(1/8) Our study on questionable research practices (QRPs) and open science practices (OSPs) is now published in JQC. Data are public, link below is to open access version. This thread summarizes the findings. @socpsychupdate@ceptional@siminevazire
(2/8) First, we review the evidence on the prevalence of QRPs and OSPs in other disciplines, besides criminology. Unfortunately, QRPs are common in all disciplines where scholars have looked.
(3/8) We find that the vast majority of criminologists have used QRPs. The average criminologist has used multiple QRPs. One of the most common QRPs is selectively reporting significant studies/findings. Hence, publication bias is a real threat to evidence-based crime policies.

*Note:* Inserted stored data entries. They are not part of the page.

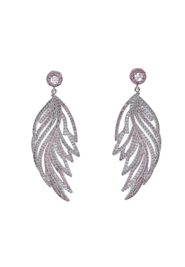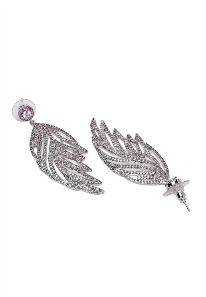 The Diva Leaf Shaped Western Drop Earrings from the Diva Collection, featuring silver cubic zirconia material, likely embody a charming aesthetic. These earrings are crafted in the shape of delicate leaves. The cubic zirconia stones, in silver color, provide brilliant sparkle to the earrings. These earrings are versatile and suitable for various occasions, from casual outings to formal events. They can add a touch of nature-inspired elegance to any ensemble. These earrings are a timeless and elegant accessory.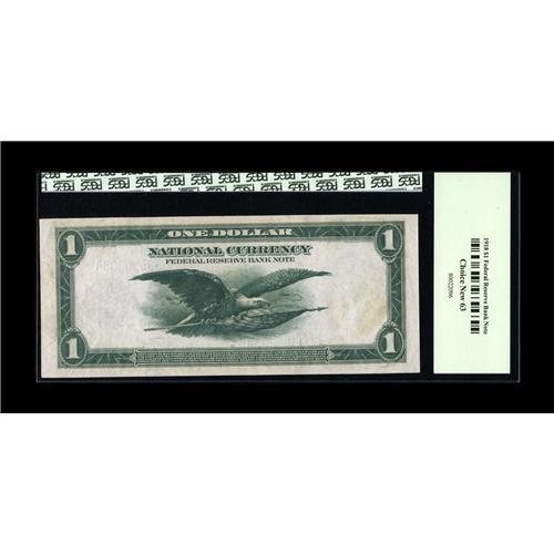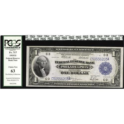 <B>Fr. 717 $1 1918 Federal Reserve Bank Note PCGS Choice New 63.</B></I> If the margin at bottom were a touch bigger, this deeply embossed note would have surely graded Gem.<BR><I>Ex: Rickey Collection</B></I>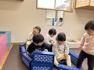 最近、子どもたちはレンガブロックでの遊びに夢中になっています。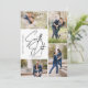Tire as suas 5 melhores imagens da sessão de fotos do seu noivado com 4 para a frente e uma para o verso. Ele apresenta um design de letreiro manual que diz Salvar a Data.

(4/8) OSPs are common in criminology, about as common as in other disciplines. The most common OSP is posting an article publicly, which is also similar to other disciplines. OSP users are also more likely to use QRPs, which is weird (we discuss some possible reasons why).
(5/8) Criminologists perceive a high prevalence of QRPs in their discipline, but the uniform distributions for many of the perceptual questions suggest that criminologists really don't know what their peers are doing in terms of research ethics (= weak descriptive norms).
(6/8) In terms of support, there is a non-trivial percentage of criminologists who believe it is sometimes ok to do things like file drawer null results (67%) or fill in missing values WITHOUT informing readers (18%).😟The latter is arguably data fraud.
(7/8) Support for open science is even higher. The vast majority of criminologists support each OSP. That is good news! The implication is that there is likely to be little resistance to changing journal policies. So, why don't we do it?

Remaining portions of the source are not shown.